_TASK DETAILS_
All of the listing should be output exactly, apart from the pictures.

╭─ COLLECTED DATA

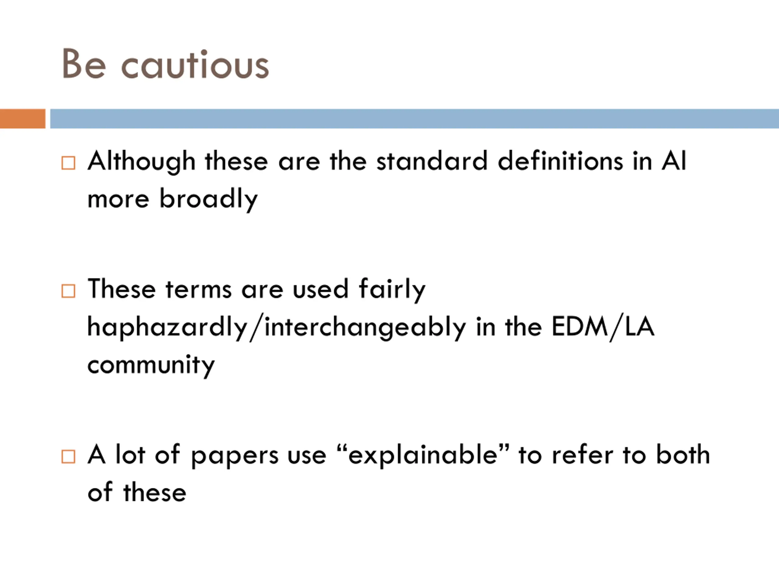 Be cautious Although these are the standard definitions in AI more broadly These terms are used fairly haphazardly/interchangeably in the EDM/LA community A lot of papers use explainable to refer to both of these
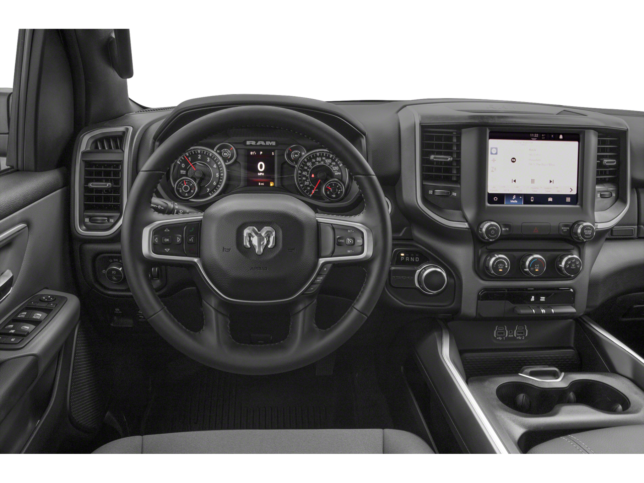 ENGINE: 5.7L V8 HEMI MDS VVT Active Noise Control System, Heavy Duty Engine Cooling, Passive Tuned Mass Damper, GVWR: 7,100 lbs, Dual Rear Exhaust w/Bright Tips, HEMI Badge, 26 Gallon Fuel Tank, BIG HORN LEVEL 1 EQUIPMENT GROUP Google Android Auto®, SiriusXM Radio Service, Bluetooth® Handsfree Phone & Audio, USB Host Flip, Rear Window Defroster, Integrated Center Stack Radio, Rear View Auto Dim Mirror, For Details, Visit DriveUconnect.com, Power Adjustable Pedals, For More Info, Call 800-643-2112, Rear Power Sliding Window, Rear Dome w/On/Off Switch Lamp, Connectivity - US/Canada, Glove Box Lamp, 4G LTE Wi-Fi Hot Spot, Exterior Mirrors w/Heating Element, Power 8-Way Driver Seat, Auto Dim Exterior Driver Mirror, Radio: Uconnect 5 W w/8.4 Display, 8.4 Touchscreen Display, Class IV Receiver Hitch, Black Premium Power Mirrors, Apple CarPlay®, Big Horn IP Badge, SiriusXM Satellite Radio, Exterior Mirrors w/Supplemental Signals, Exterior Mirrors Courtesy Lamps, Universal Garage Door, OFF ROAD GROUP Off Road Decals, Steering Gear Skid Plate, Front Suspension Skid Plate, Raised Ride Height, Front Extra HD Shock Absorbers, Rear Extra HD Shock Absorbers, Full Size Spare Tire, Tow Hooks, E-Locker Rear Axle, Transfer Case Skid Plate, Fuel Tank Skid Plate, Hill Descent Control, All Plant-Installed Decals, BLACK, DELUXE CLOTH BUCKET SEATS Power 8-Way Driver Seat, Bucket Seats, Full Length Floor Console, Delete LED Lamp - Floor Console Bin, Power 2-Way Driver Lumbar Adjust, TRANSMISSION: 8-SPEED AUTOMATIC (8HP75).
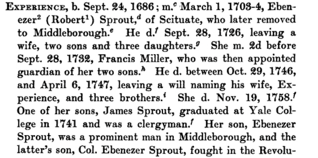 Experience’s first husband Lt. Ebenezer Sprout was born May 1676 in Scituate, Plymouth, Mass. His parents were Robert Sprout and Elizabeth Sampson. Ebenezer died 28 Sep 1726 in Middleboro, Plymouth, Mass

╰─

_ANSWER FOR THE TASK_
 Be cautious Although these are the standard definitions in AI more broadly These terms are used fairly haphazardly/interchangeably in the EDM/LA community A lot of papers use explainable to refer to both of these
 ENGINE: 5.7L V8 HEMI MDS VVT Active Noise Control System, Heavy Duty Engine Cooling, Passive Tuned Mass Damper, GVWR: 7,100 lbs, Dual Rear Exhaust w/Bright Tips, HEMI Badge, 26 Gallon Fuel Tank, BIG HORN LEVEL 1 EQUIPMENT GROUP Google Android Auto®, SiriusXM Radio Service, Bluetooth® Handsfree Phone & Audio, USB Host Flip, Rear Window Defroster, Integrated Center Stack Radio, Rear View Auto Dim Mirror, For Details, Visit DriveUconnect.com, Power Adjustable Pedals, For More Info, Call 800-643-2112, Rear Power Sliding Window, Rear Dome w/On/Off Switch Lamp, Connectivity - US/Canada, Glove Box Lamp, 4G LTE Wi-Fi Hot Spot, Exterior Mirrors w/Heating Element, Power 8-Way Driver Seat, Auto Dim Exterior Driver Mirror, Radio: Uconnect 5 W w/8.4 Display, 8.4 Touchscreen Display, Class IV Receiver Hitch, Black Premium Power Mirrors, Apple CarPlay®, Big Horn IP Badge, SiriusXM Satellite Radio, Exterior Mirrors w/Supplemental Signals, Exterior Mirrors Courtesy Lamps, Universal Garage Door, OFF ROAD GROUP Off Road Decals, Steering Gear Skid Plate, Front Suspension Skid Plate, Raised Ride Height, Front Extra HD Shock Absorbers, Rear Extra HD Shock Absorbers, Full Size Spare Tire, Tow Hooks, E-Locker Rear Axle, Transfer Case Skid Plate, Fuel Tank Skid Plate, Hill Descent Control, All Plant-Installed Decals, BLACK, DELUXE CLOTH BUCKET SEATS Power 8-Way Driver Seat, Bucket Seats, Full Length Floor Console, Delete LED Lamp - Floor Console Bin, Power 2-Way Driver Lumbar Adjust, TRANSMISSION: 8-SPEED AUTOMATIC (8HP75).
 Experience’s first husband Lt. Ebenezer Sprout was born May 1676 in Scituate, Plymouth, Mass. His parents were Robert Sprout and Elizabeth Sampson. Ebenezer died 28 Sep 1726 in Middleboro, Plymouth, Mass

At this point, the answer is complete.